Friday, July 10, 2009

Trickster spiders fool predators with their web-design

Spiders of the Cyclosa genus of spiders are, scientists has found, proficient web-designers. They pick up the carcasses of dead insects, bits of plant material and egg sacs and decorate their webs with them. Spider-biologists Ling Tseng and I-Min Tso from Tunghai University in Taichung, Taiwan wanted to know what purpose this curious behaviour served. Like the spider trickster-god Anansi, these spiders are masters of trickery.

Thinking that it was probably a way for the spider to camouflage itself the spiderologists compared how often Cyclosa spiders (of the confusa species) were attacked with decorated webs and with undecorated webs. Decorations-as-camouflage was not an unreasonable hypothesis, camouflage is a common trick to not get eaten and the decorations were similarly colored to the spiders. Nevertheless they were wrong.
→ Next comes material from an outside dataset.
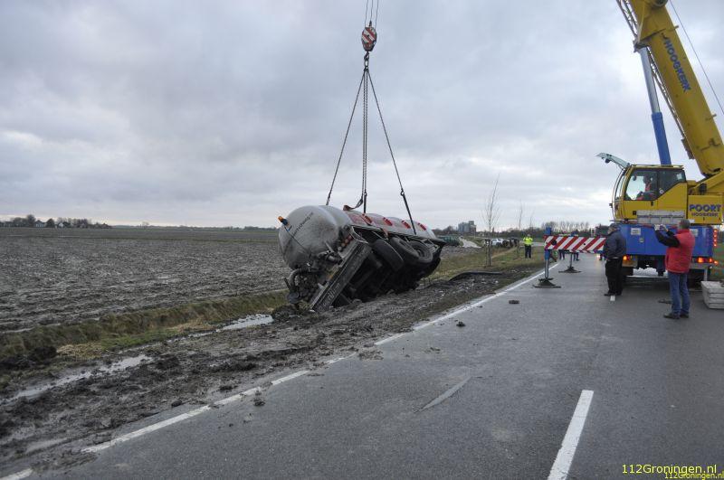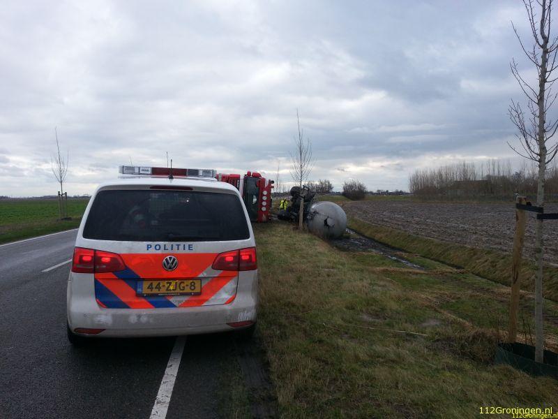 De tankwagen is in de sloot gerold. Het stinkt ter plaatse behoorlijk naar mest en diesel. Poort uit Hoogkerk gaat de vrachtwagen bergen. Het verkeer ondervond enige overlast van de berging.

Decorated webs were attacked by predatory wasps more often than the undecorated ones. The spiderologists figured that the conspicous webs still provided some kind of advantage to the spiders, like how some lizards sports an eye-catching tail that they drop to distract attacking predators.

To test this, the spiderologists went to Orchid Island off the coast of Taiwan to study another Cyclosa spider, the C. mulmeinensis. This spider assemble detritus into life-like decoys of itself, a habit that seems unique to this specific species. The decoys has the same size, color and general shape as the spiders themselves and to attacking wasps, at least, the decoys appear near-identical to real spiders.

When a spider's web was not fitted with the active anti-predator device, wasps always went straight for the spider. With decoy spiders more often avoided becoming wasp food, outweighing the cost of attracting the predators in the first place. The same goes for non-decoy-building spiders. And they don't even have to sacrifice a limb like the lizards do! Tricksters, indeed.